I would reintroduce the 1999 LaHood bill, H.R. 1452, the State and Local Government Empowerment Act, which I believe would have had the Treasury make $360 billion (over 5 years) in interest free loans to state and local governments for capital investments. These funds would have been credits in United States Notes. Beyond that, I would be open to studying the Kucinich bill (it's been a long time since I read up on it).
Canova, who has corresponded frequently with Ellen Brown as well, says unequivocally:
Yes, I support a Public Bank for Florida.
(Full disclosure: I referred Canova to a long-standing e-petition I had created to support a Public Bank for Florida for dark horse candidate Farid Khavari)
Canova, who in 2011 worked for "U.S. Senator Bernie Sanders serv(ing) on an advisory committee on Federal Reserve reform along with such leading economists as James Galbraith, Robert Reich, Jeffrey Sachs, and Nobel Laureate Joseph Stiglitz," also supports expanding Social Security.
I wrote an article last Spring "How to Pay for Social Security is Asking the Wrong Question" which also appears in my book, America is Not Broke! in which I proposed using Sovereign Money to pay for Social Security since every dollar spent produces up to two dollars in national income, according to two studies I cited.
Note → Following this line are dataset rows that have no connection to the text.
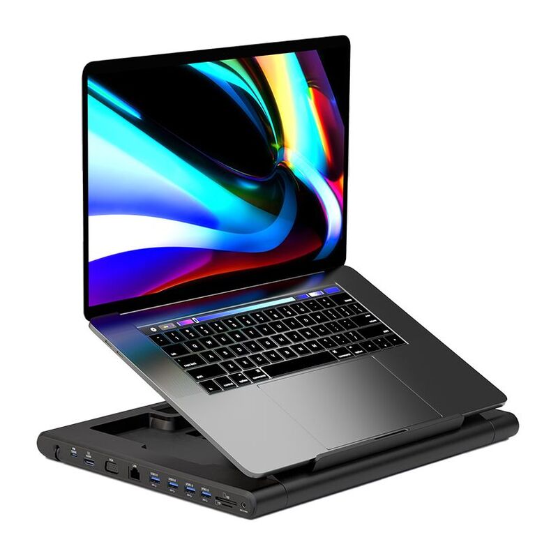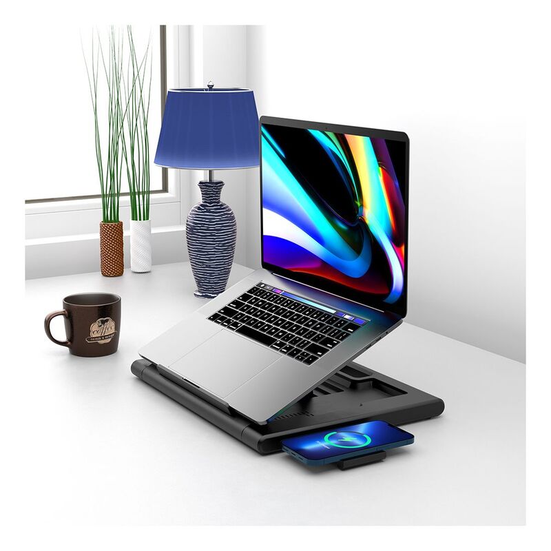 Powerology Multi-Functional Pro Hub Macbook and Laptop Stand with 100W PD and Wireless Charger- Black
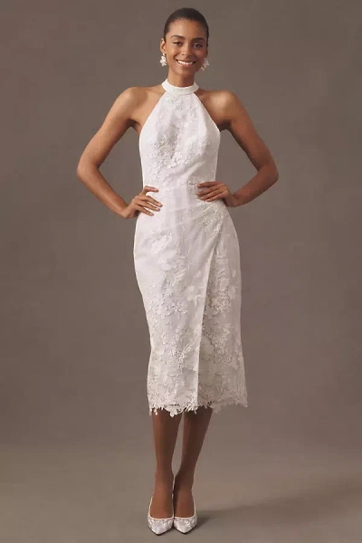 Unforgettable Halter Embroidered Lace Midi Dress In White
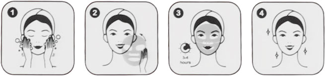 Нанесете маската в края на рутината за грижа за кожата и я оставете докато стане прозрачна или за 4 до 6 часа.
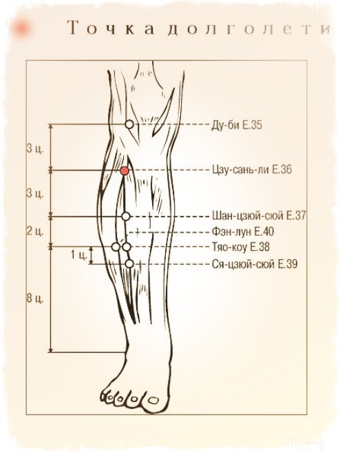 Поэтому активизация «сан-ри» значительно улучшает их работу. Воздействуя на точку «божественного долголетия», мы нормализуем обменные процессы, помогаем сердечно-сосудистой системе и повышаем в целом возможности организма приспосабливаться к изменениям в окружающей среде.

I reminded Canova of that article and asked him if he would consider a similar idea. He responded:
I recall your argument about using debt-free money to pay for Social Security. I'm not opposed in theory, but first would suggest let's see where Social Security is in a genuinely full-employment economy, with another 25 million people (and those discouraged and part-time workers) finally working again and paying into the system.
"25 million" unemployed people is an interesting figure since it is completely at odds with the latest official figure of just 7.9 million unemployed, but note that Canova is including "discouraged and part-time workers" as well. Shodowstats.com supports this higher figure and puts the unemployment rate at over 22% when including the largest category, discouraged workers (many of whom subsist only on increasingly scarce public assistance). Presidential candidate Bernie Sanders has been known to cite this higher figure as well, which as Shadowstats notes, was "defined out of existence in 1994."